* [What is expected] Would you transcribe exactly the lines from the beginning of the records below through the line with "- Nom (3) — Permet", both included, omitting the pictures?

^^^^^^^^^^^^^^^^

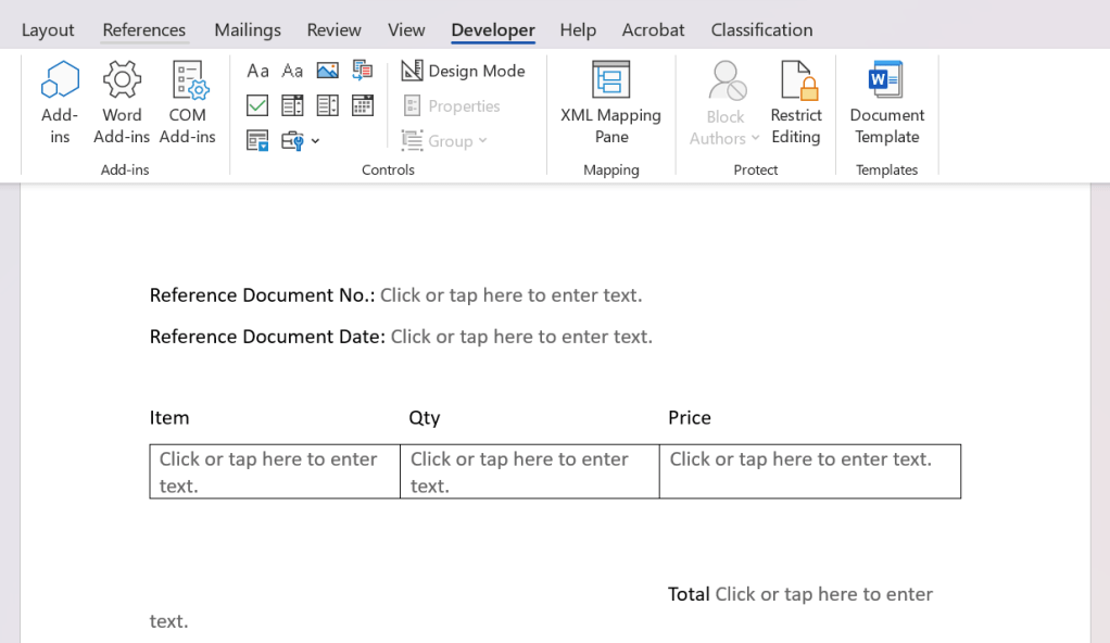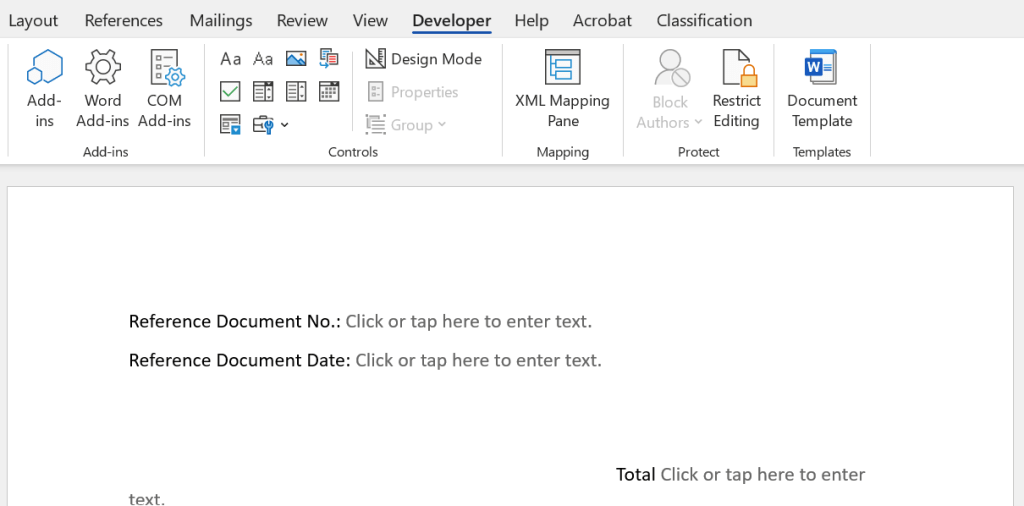 - Insert Plain Text Content Control to create dynamic fields for the following: Document Number, Document Date, Total
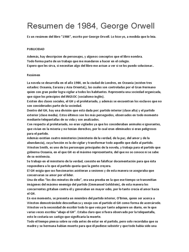 Resumen del libro 1984 de george orwell. Resumen de 1984 de george orwell. Para conquistarlo no hay nada en el mundo que no deba ser sacrificado y una vez alcanzado nada queda de importante en la vida a no ser la voluntad de conservarlo a cualquier precio. Publicado en 1949 un año antes de su muerte es considerada una de las obras más icónicas del siglo xx por su denuncia de las prácticas totalitarias llevadas a cabo por los dictadores de la época y que en cierta manera sigue presente en nuestros días. Resumen del libro 1984.
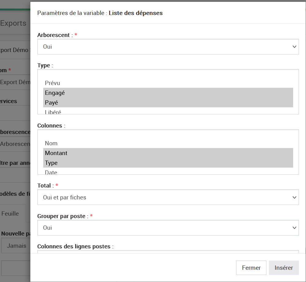 - Nom (3) — Permet de nommer le modèle d’export. Ce nom apparaîtra ensuite dans la liste des exports disponibles.
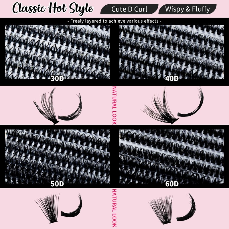 - DIY Lash Looks Now: Customizable to fit any eye shape, you can use different lengths of eyelash clusters to create more style possibilities - cat-eye, fan-eye, doll-eye, dramatic-eye, natural, fluffy, and more. Achieving the perfect extension look with our diy lash extension kit
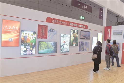 湖南日报报业集团展区以“智媒引领、数字赋能”为主题,重点展出了《大道向前》《今年我10岁》等主流作品、《大湖之蓝》等爆款融媒产品矩阵、《湖湘一万年》《简牍里的中国》等2023年重点项目,展现了加速打造全国一流省级党报集团的奋进姿态。现场,不少观众拿出手机扫码观看了解这些融媒体精品力作。湖南日报社始终坚持守正创新、内容为王,从“国之大者”中找方向、从省之大计中找坐标、从民之大业中找落点,不断推出有思想、有温度、有品质的精品。
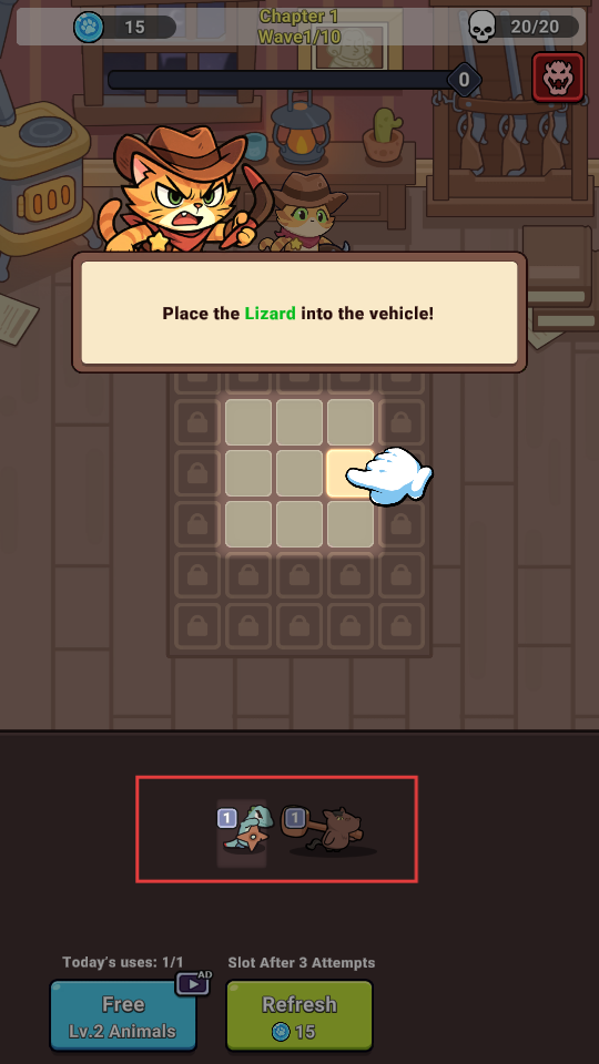 1、按照提示将下方【Lizard】类动物拖拽至上方格子,完成初始部署,为战斗准备。

^^^^^^^^^^^^^^^^

* [Worked solution]
 - Insert Plain Text Content Control to create dynamic fields for the following: Document Number, Document Date, Total
 Resumen del libro 1984 de george orwell. Resumen de 1984 de george orwell. Para conquistarlo no hay nada en el mundo que no deba ser sacrificado y una vez alcanzado nada queda de importante en la vida a no ser la voluntad de conservarlo a cualquier precio. Publicado en 1949 un año antes de su muerte es considerada una de las obras más icónicas del siglo xx por su denuncia de las prácticas totalitarias llevadas a cabo por los dictadores de la época y que en cierta manera sigue presente en nuestros días. Resumen del libro 1984.
 - Nom (3) — Permet de nommer le modèle d’export. Ce nom apparaîtra ensuite dans la liste des exports disponibles.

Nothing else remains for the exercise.